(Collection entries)
====

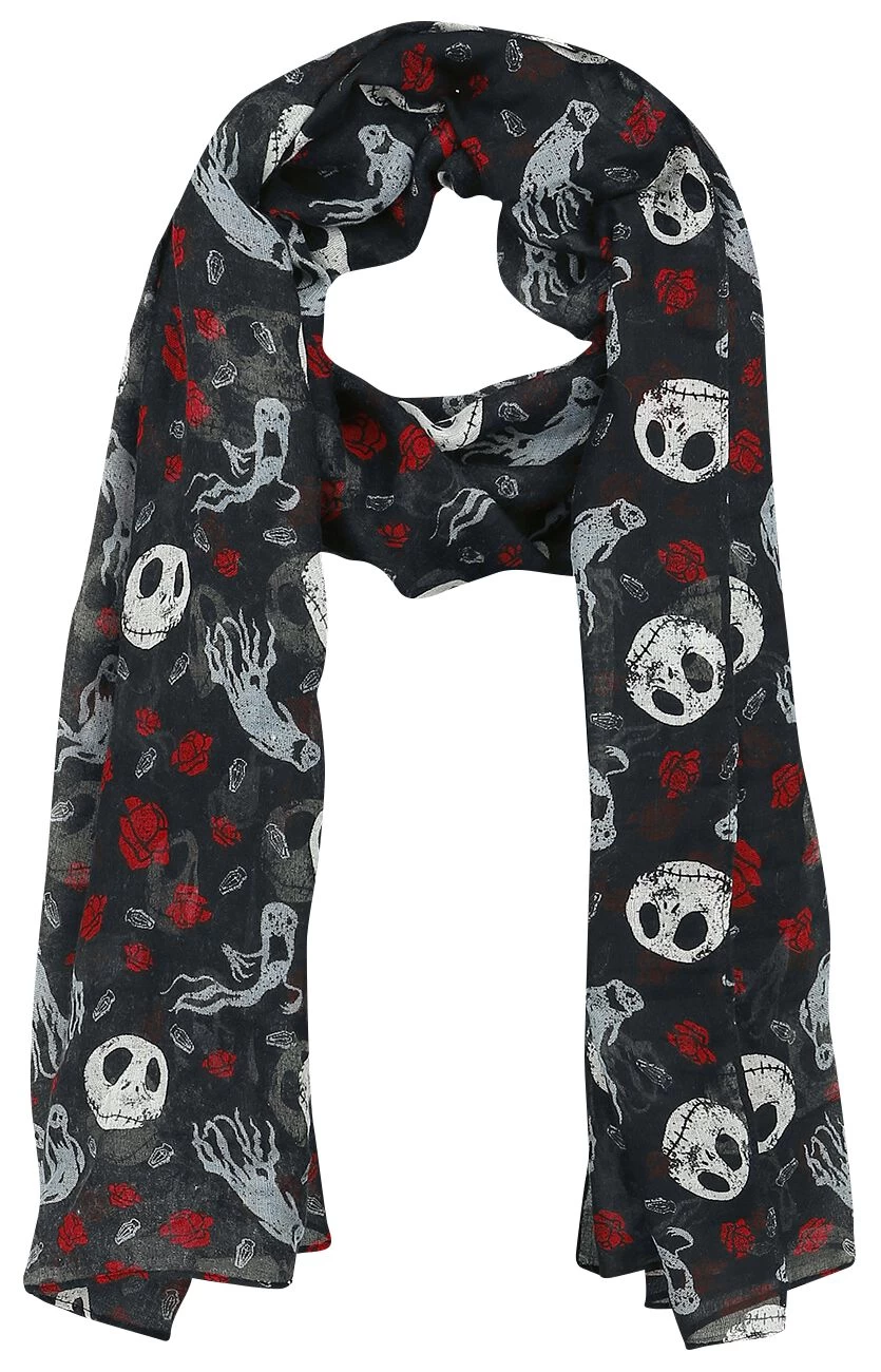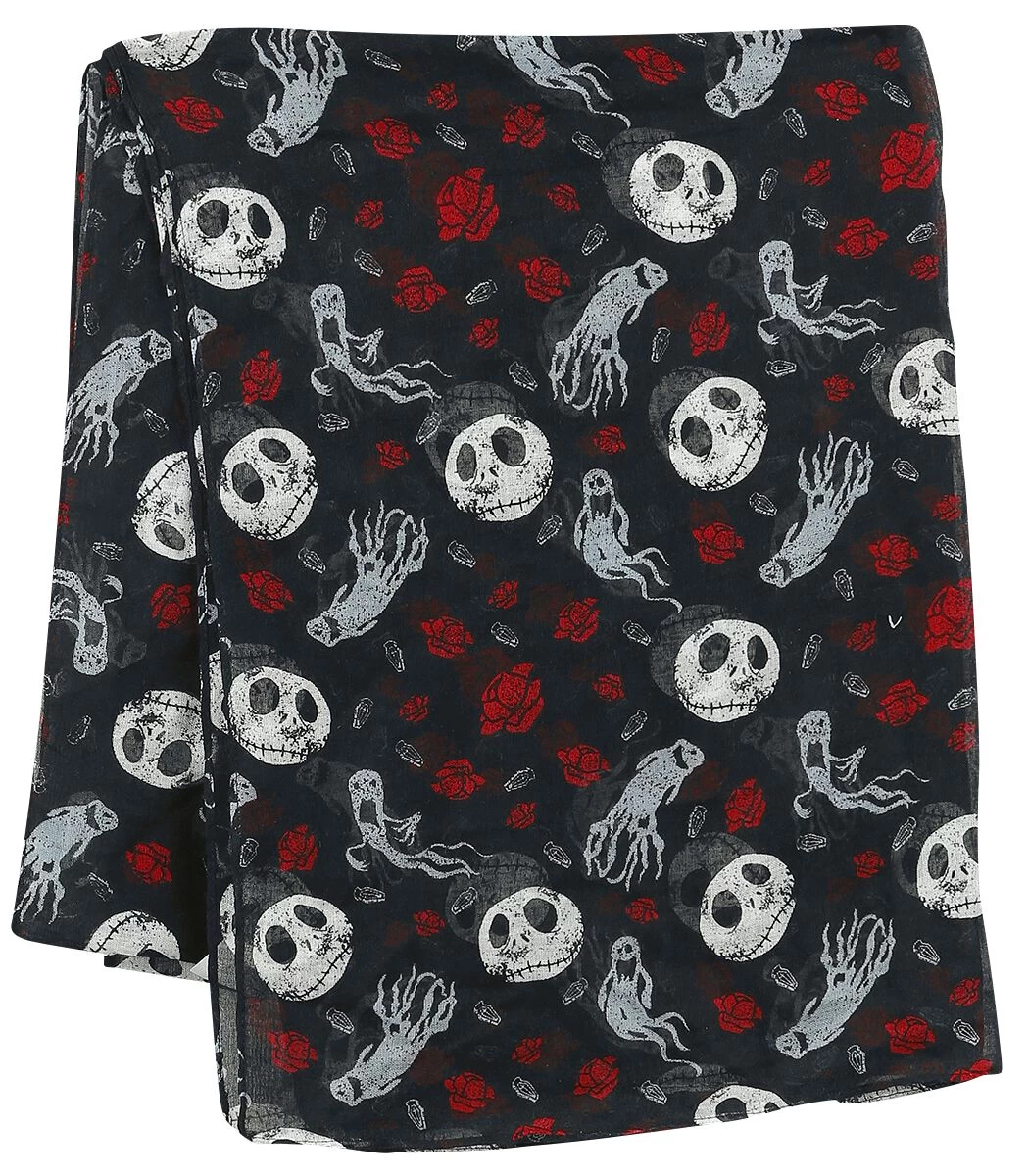– Lightweight scarf with Jack, Ghost and roses in an all-over design
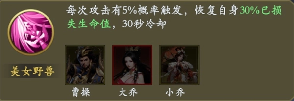 效果:每次攻击时有5%的概率触发该效果,触发后将恢复自身已损失生命值的30%,且该效果存在30秒的冷却时间。
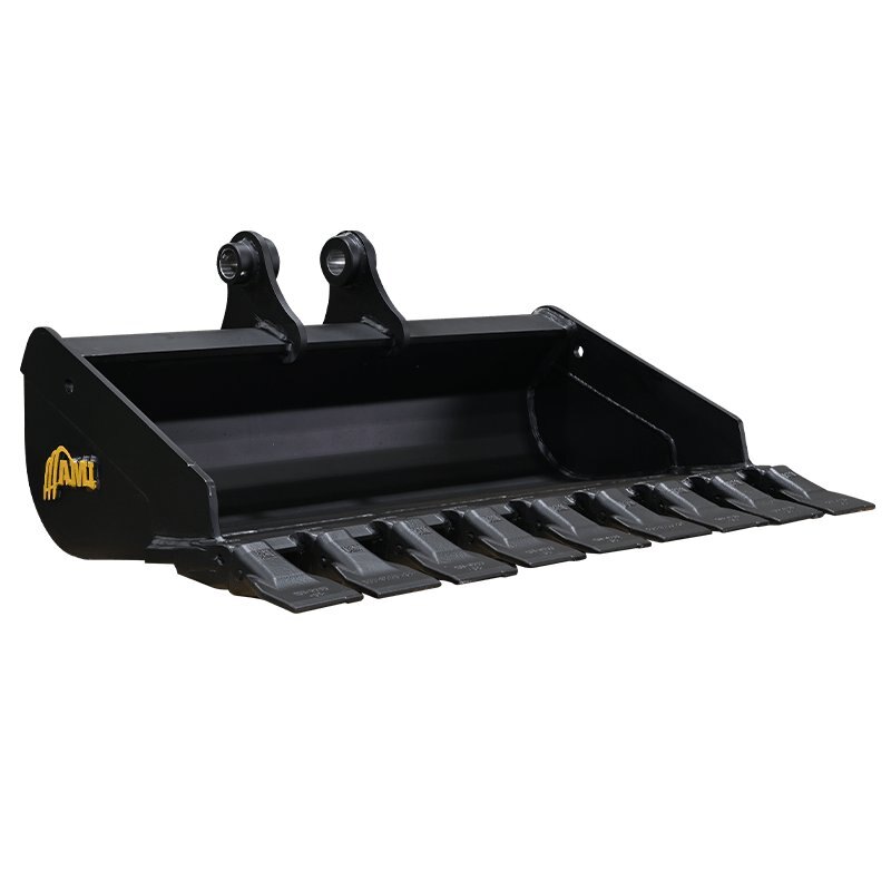 The AMI Grave Style Bucket features a flat bucket and side wall design for creating level bottoms and clean vertical lines for square digging. Wear bars on the underside of the bucket allow for extended digging life.
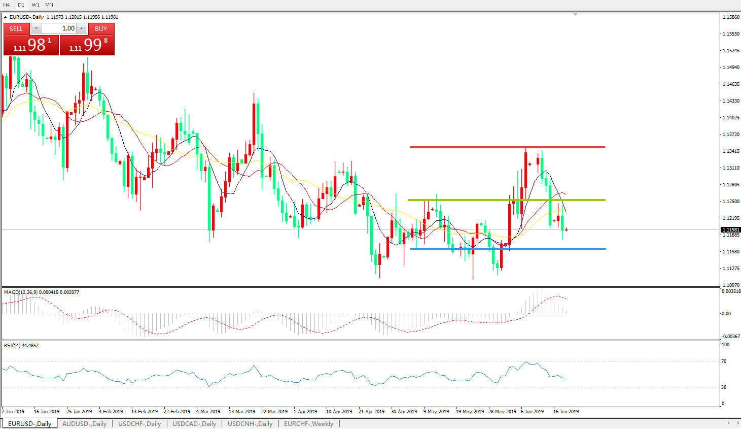 德拉基讲话“鸽”声嘹亮,欧洲央行再度提及降息可能性。欧洲央行行长德拉基表示,如果经济前景和通胀预期没有改善,将需要额外的刺激措施。其中,进一步下调政策利率以及采取缓解措施控制可能的副作用,依然是央行的工具之一。当日公布的欧元区5月CPI月率录得低于预期,暗示通胀疲软状况将持续。
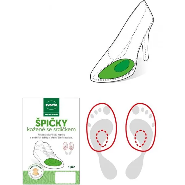 Špičky kožené se srdíčkem jsou vyrobeny z lehčené pryže, která změkčí došlap při bolestivé chůzi a otlacích v přední části nohy.
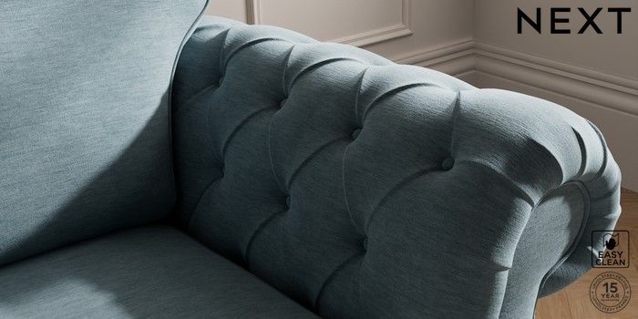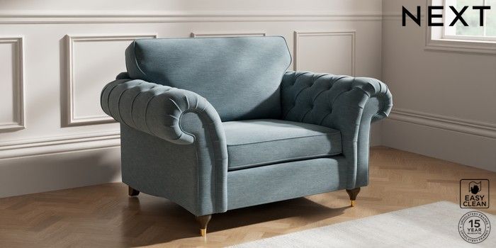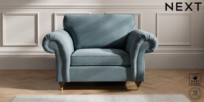 7.2.10 Gosford Highback II Deep Sit Snuggle Fine Chenille Easy Clean Mid Blue Modern Turned Metal Cap - Mid | Made Click here to use our website with more accessibility support, for example screen readers

====

• _Required work_
Reproduce the records above from their first line to the line bearing "The AMI Grave", both ends included, leaving every picture out.

• _Output_
– Lightweight scarf with Jack, Ghost and roses in an all-over design
 效果:每次攻击时有5%的概率触发该效果,触发后将恢复自身已损失生命值的30%,且该效果存在30秒的冷却时间。
 The AMI Grave Style Bucket features a flat bucket and side wall design for creating level bottoms and clean vertical lines for square digging. Wear bars on the underside of the bucket allow for extended digging life.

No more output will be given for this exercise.